## DIRECTIONS
Starting with the line that has "Capri Stainless Steel" and finishing with the line that has "Breadth is now", set down each line below exactly. Pictures are not copied.

## DATA FOR THIS EXERCISE
════════════════

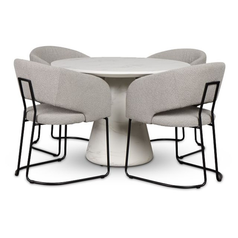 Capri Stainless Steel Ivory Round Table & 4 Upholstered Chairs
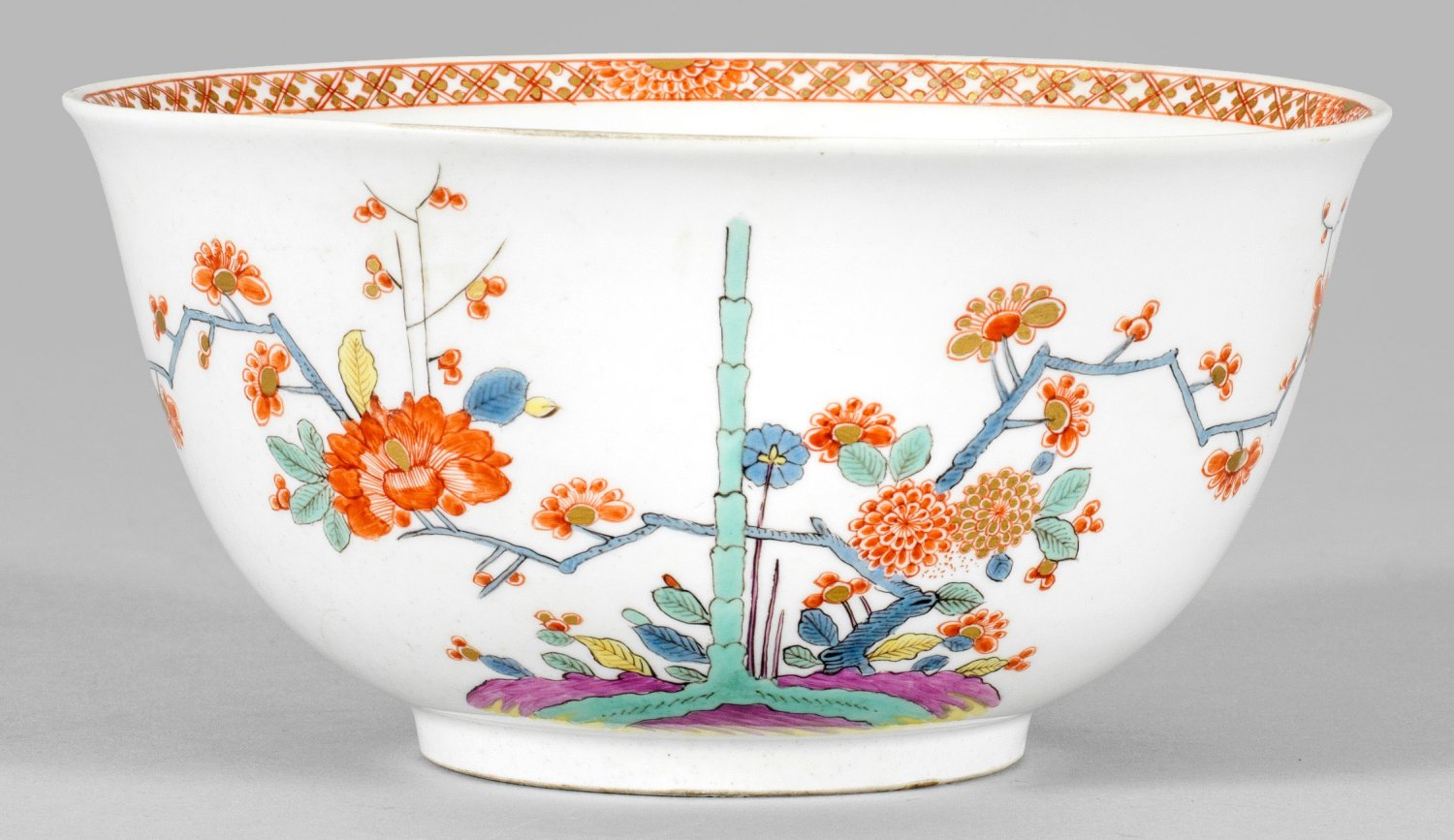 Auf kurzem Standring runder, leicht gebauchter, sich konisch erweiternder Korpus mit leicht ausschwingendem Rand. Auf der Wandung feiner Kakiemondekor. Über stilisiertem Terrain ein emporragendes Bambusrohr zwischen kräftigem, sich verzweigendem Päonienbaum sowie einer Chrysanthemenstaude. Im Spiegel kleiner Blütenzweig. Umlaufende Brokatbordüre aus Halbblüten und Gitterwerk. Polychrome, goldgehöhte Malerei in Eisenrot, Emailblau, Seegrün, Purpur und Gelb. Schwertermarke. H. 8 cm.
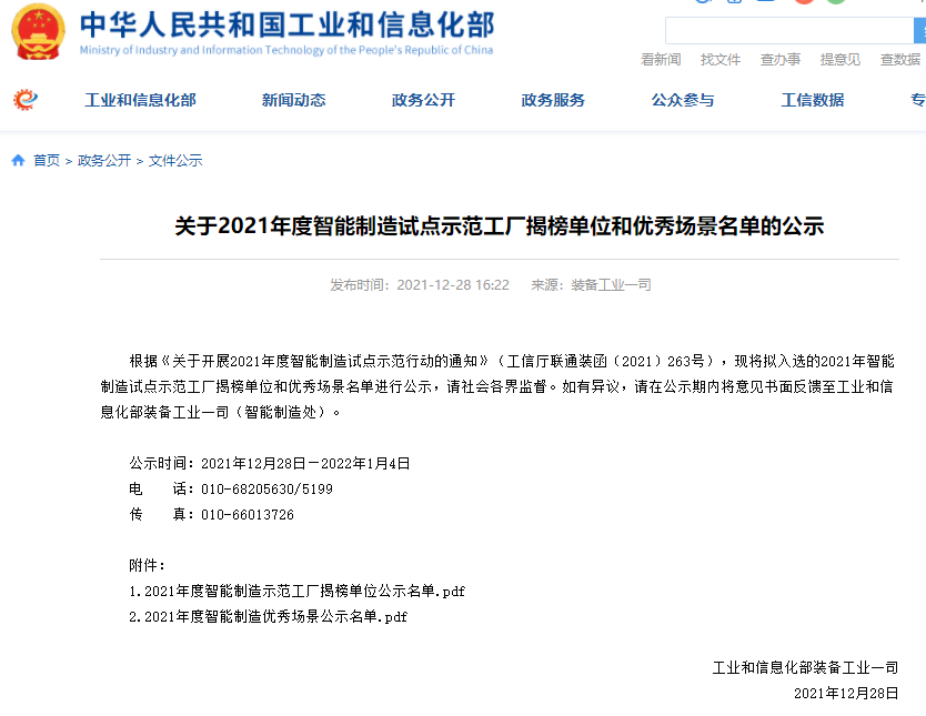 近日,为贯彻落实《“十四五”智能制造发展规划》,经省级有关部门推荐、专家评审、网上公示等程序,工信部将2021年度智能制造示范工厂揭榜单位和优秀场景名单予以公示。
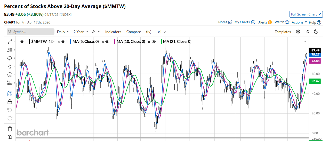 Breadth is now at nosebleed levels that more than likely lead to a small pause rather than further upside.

════════════════

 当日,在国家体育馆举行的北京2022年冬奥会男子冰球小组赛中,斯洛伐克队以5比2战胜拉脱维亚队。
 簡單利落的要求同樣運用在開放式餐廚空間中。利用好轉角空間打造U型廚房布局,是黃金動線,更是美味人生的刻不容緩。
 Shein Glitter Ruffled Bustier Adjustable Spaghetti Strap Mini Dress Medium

════════════════

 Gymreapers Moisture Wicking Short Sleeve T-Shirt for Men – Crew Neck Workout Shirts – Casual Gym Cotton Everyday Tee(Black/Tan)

════════════════

## EXERCISE SOLUTION
 Capri Stainless Steel Ivory Round Table & 4 Upholstered Chairs
 Auf kurzem Standring runder, leicht gebauchter, sich konisch erweiternder Korpus mit leicht ausschwingendem Rand. Auf der Wandung feiner Kakiemondekor. Über stilisiertem Terrain ein emporragendes Bambusrohr zwischen kräftigem, sich verzweigendem Päonienbaum sowie einer Chrysanthemenstaude. Im Spiegel kleiner Blütenzweig. Umlaufende Brokatbordüre aus Halbblüten und Gitterwerk. Polychrome, goldgehöhte Malerei in Eisenrot, Emailblau, Seegrün, Purpur und Gelb. Schwertermarke. H. 8 cm.
 近日,为贯彻落实《“十四五”智能制造发展规划》,经省级有关部门推荐、专家评审、网上公示等程序,工信部将2021年度智能制造示范工厂揭榜单位和优秀场景名单予以公示。
 Breadth is now at nosebleed levels that more than likely lead to a small pause rather than further upside.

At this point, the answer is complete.